Дикие рассказы — страница 27 из 31

Одного только не мог полковник знать: перед уходом условился я с нашим командиром, что если мы на другой день к вечеру не вернемся, то, значит, с нами что-то стряслось и надо принимать меры. Я был уверен, что он уже с овечьего зимовья, где был наш лагерь, снялся, и поэтому шел туда, не беспокоясь особенно.

Только я-то полагал так, а вышло иначе.

Идем мы с сержантом, уже к лагерю подходим. Лес вокруг густой, ничего не видать, но у меня нюх острый — чую, паленым пахнет. Кожей горелой пахнет, телячьей. Еще в первые дни мы съели теленка, а шкуру оставили, чтобы на ноги себе обувку мастерить, но когда стало нам совсем нечего есть, начали мы от этой шкуры кусочки отрезать, на костре жарить, чтоб хоть немного голод заглушить. Значит, наши были в лагере и как раз в эту самую минуту кожу жарили! Сколько человек там осталось, я не знал, но как подумал, что сейчас произойдет, так весь похолодел и начал кричать:

— Бегите, вас окружают солдаты, бегите!

Пристрелит меня сержант или не пристрелит, мне уж теперь было все равно. Не знал я, что полковник отдал другой приказ: любой ценой, что бы ни случилось, оставить меня в живых. Вот почему сержант стрелять не стал, а бросился мне рот затыкать. Повалил меня на землю, и начали мы с ним кататься, а я все кричу, прямо надрываюсь. Он было хотел меня по голове револьвером садануть, чтоб я замолчал, но я его руку отпихнул, и револьвер выстрелил в воздух. Тогда он меня за горло схватил и душил до тех пор, пока у меня в глазах не потемнело и я без памяти не упал.

Очнулся я уже в «Ташкапии». Гагов готов был меня пристрелить, кожу с меня содрать, живым в землю закопать, потому что наш отряд от них ушел и даже в Сербию сумел перебраться.

Наконец повели меня вместе с другими на расстрел.
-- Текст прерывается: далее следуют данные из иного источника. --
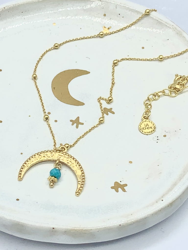 Naszyjnik łańcuszek z kuleczkami Lunula Luna Księżyc turkus 40cm złocony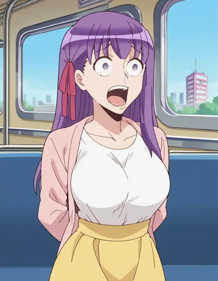 sakura matou, long hair, purple eyes, purple hair, ribbon, hair ribbon, red ribbon,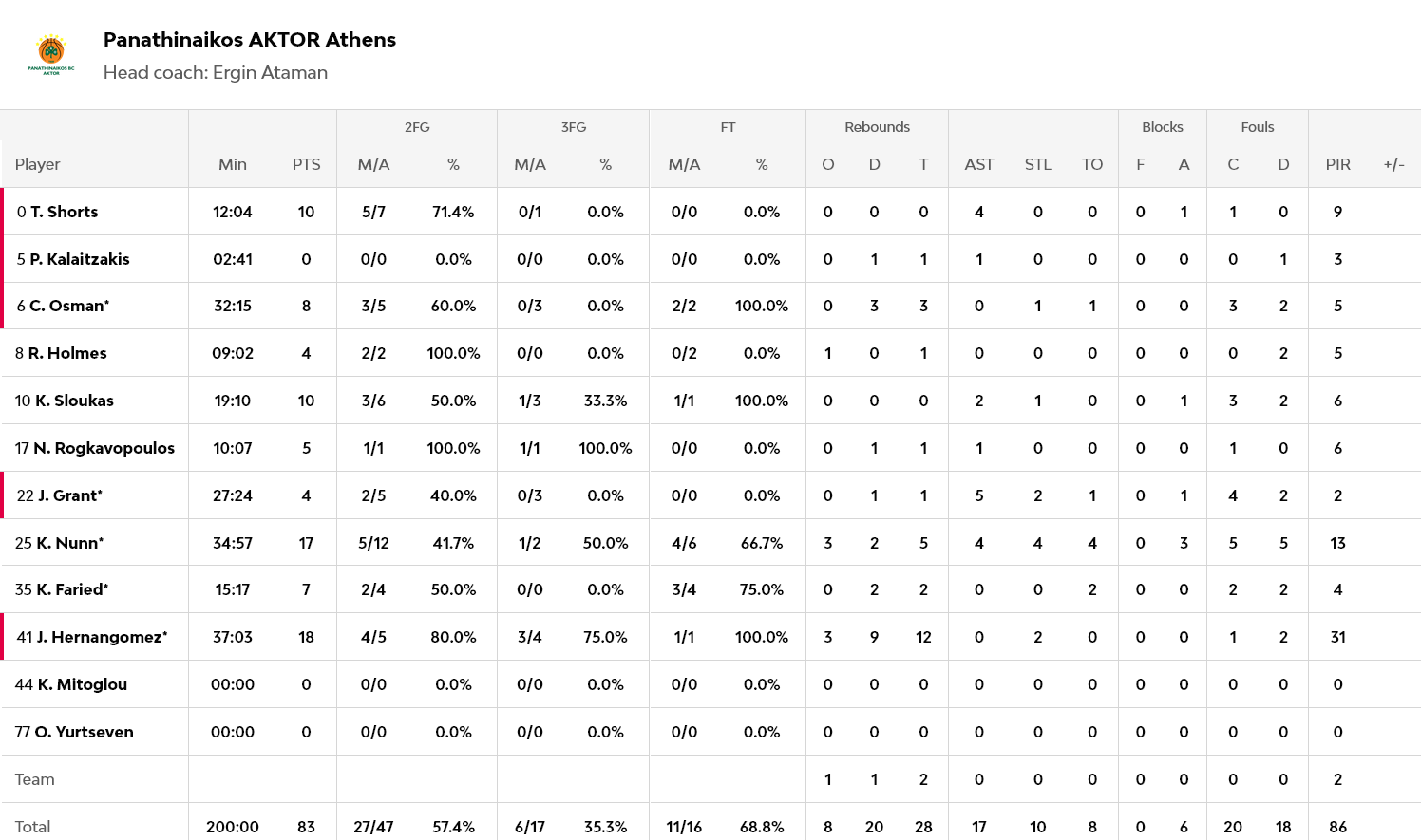 Ξεχώρισαν: 13 πόντους, ανάμεσα τους το buzzer beater της νίκης, αλλά και εννιά ασίστ, είχε ο Μπάλντγουιν. Για τον Παναθηναϊκό, συγκλονιστικός ήταν ο Χουάντσο, με 18 πόντους και 12 ριμπάουντ, 17 πόντους είχε ο Ναν, στην επιστροφή του στα παρκέ, ενώ Σορτς και Σλούκας είχαν από 10 πόντους έκαστος.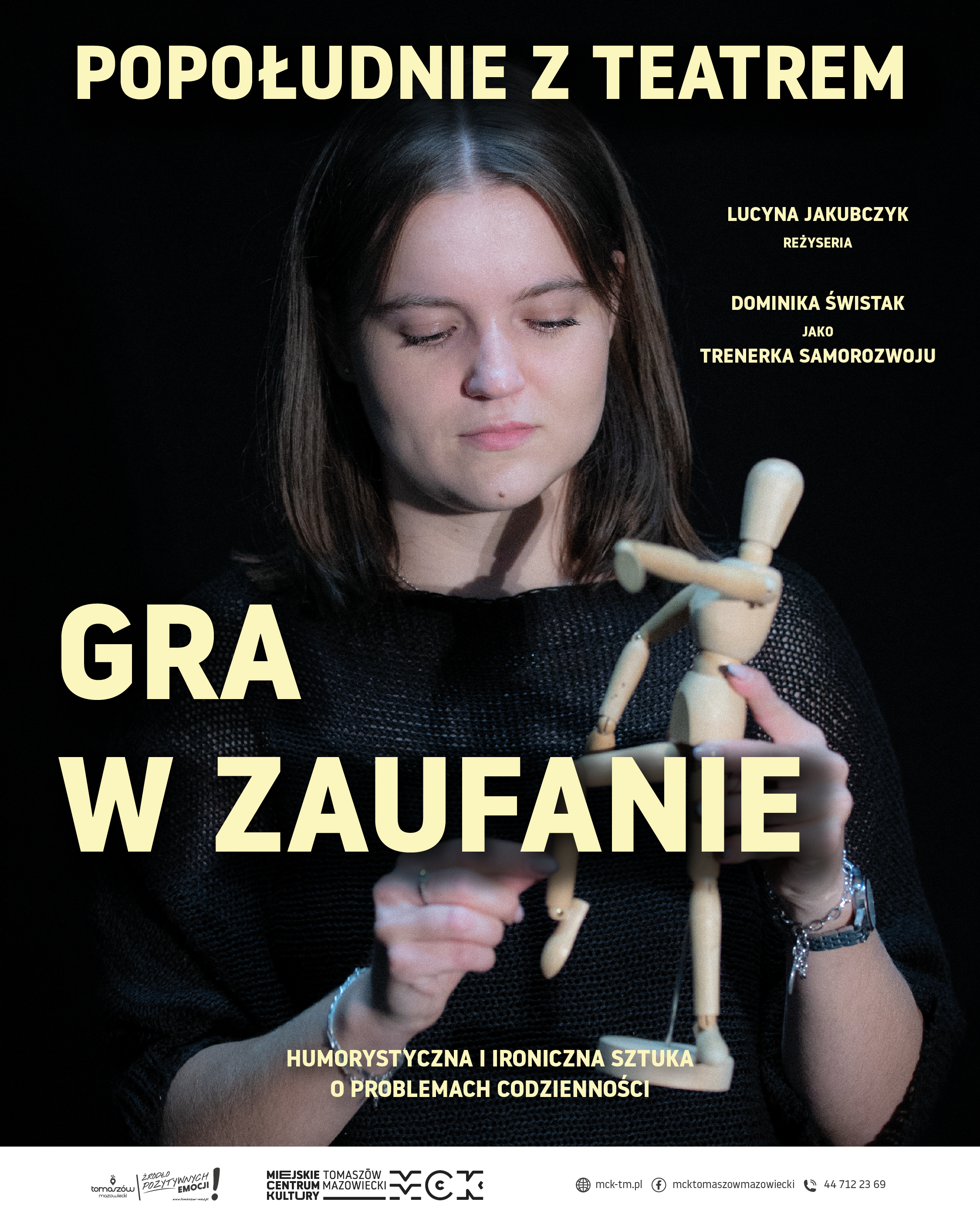 MCK zaprasza na wyjątkowe spotkanie z teatrem w ramach cyklu „Popołudnie z teatrem”. Wydarzenie odbędzie się w piątek, 21 listopada 2025 roku, o godzinie 18:00 w Miejskim Centrum Kultury Tkacz. Na scenie zobaczymy Dominikę Świstak, wcielającą się w rolę trenerki samorozwoju, w pełnym dystansu i humoru monodramie „Gra w zaufanie”, w reżyserii Lucyny Jakubczyk. Wstęp wolny.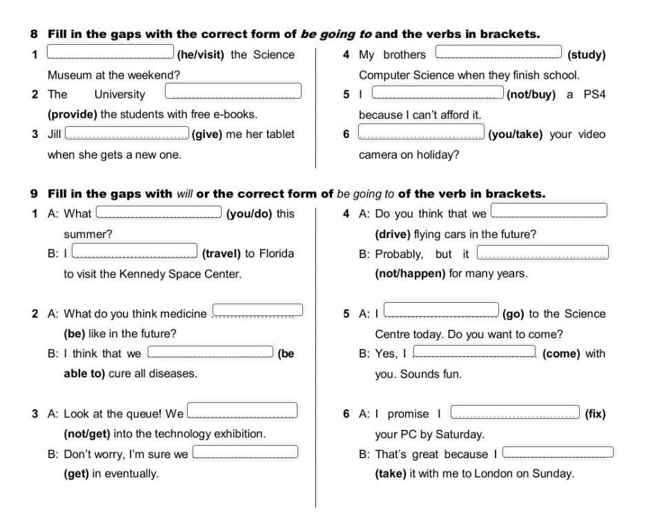 упр8. 1. Is he going to visit. 2. is going to provide. 3. isgoing to give. 4 . are going to study. 5. am not going to buy. 6. Are you going to take.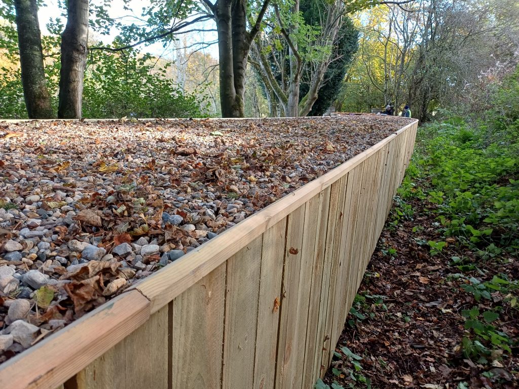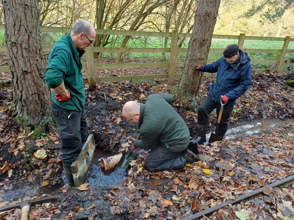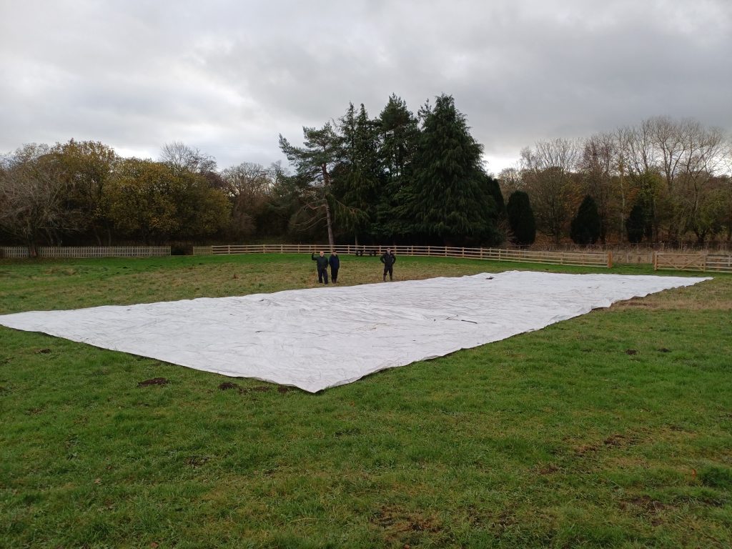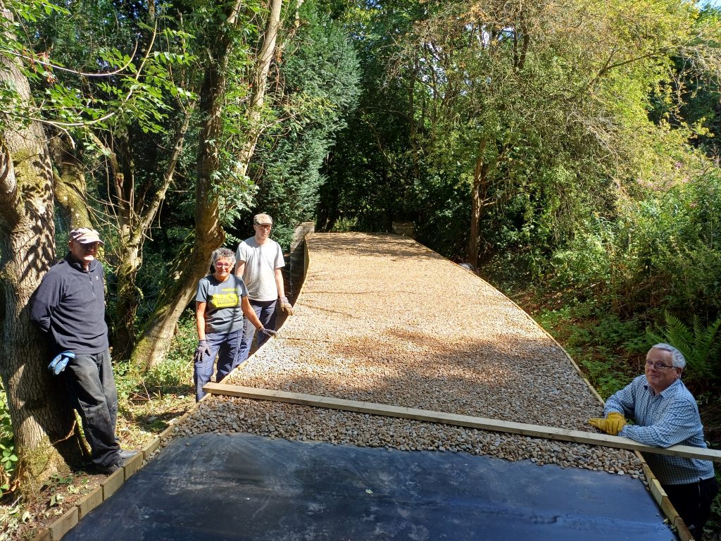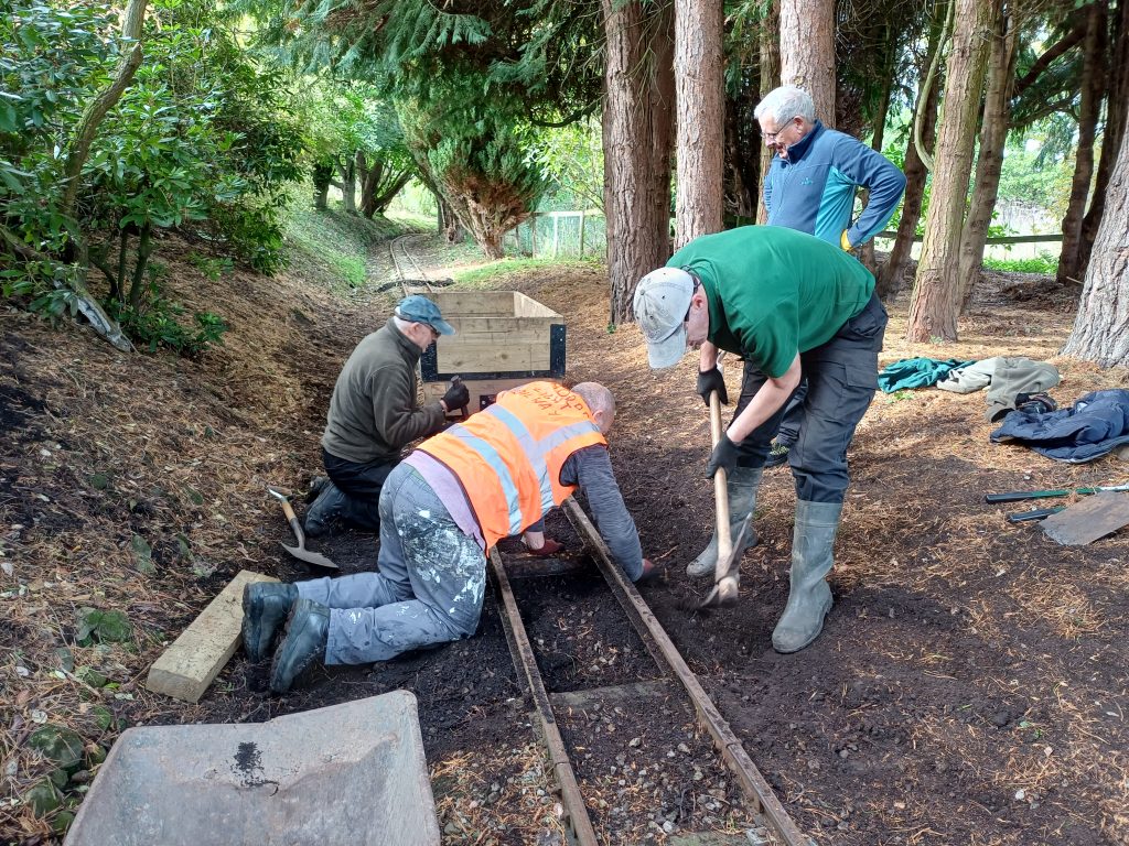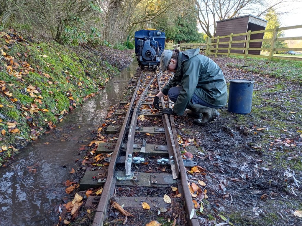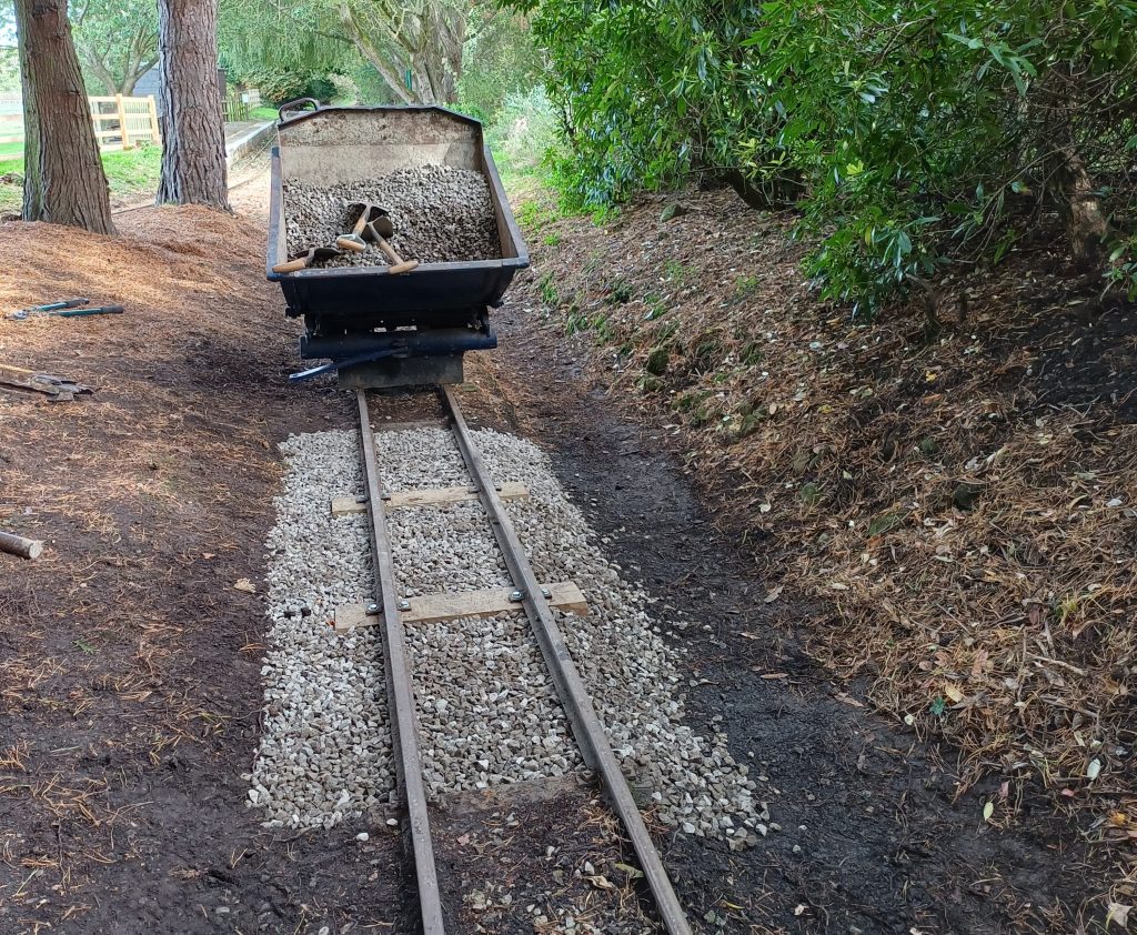 The first autumn job was the repair of the tunnel roof. We started by removing the temporary cover put on last winter – here it is laid out in the field ready to be folded up and taken off site (yes, it really is that big!)Next, the waterproof membrane and timber cladding was put on, and the roof covered with stoneThe repaired tunnel roof, ready for winterAnother winter job is re-sleepering. Here the volunteers are replacing worn-out sleepers near the stationThe ever-useful works loco, Bessie, was used to bring ballast for the new sleepers More track work, here making repairs to the point switchblades. Bessie the works engine is in use againAnother ongoing job is ditch clearing, to keep water flowing and not flooding the track. This year we are trialing a section of pipe, to test flow capacity

Но среди солдат были и хорошие ребята, которые старались по живой цели не бить, и потому, когда грянул залп, упал я и оказался среди трупов с царапиной на боку. Притворился мертвым, и когда нас сбросили в Марицу, поплыл и потихоньку, полегоньку выбрался на чью-то бахчу, — словом, спасся.

А как настали времена поспокойнее, перешел я на легальное положение, начал жить, как все люди, но здоровье у меня уже стало такое никудышное, что, когда в тридцать третьем году предложили мне перейти на конспиративную работу, я отказался.

— Ты можешь отказываться? Ты коммунист, борец, участник восстания? — возмутились товарищи.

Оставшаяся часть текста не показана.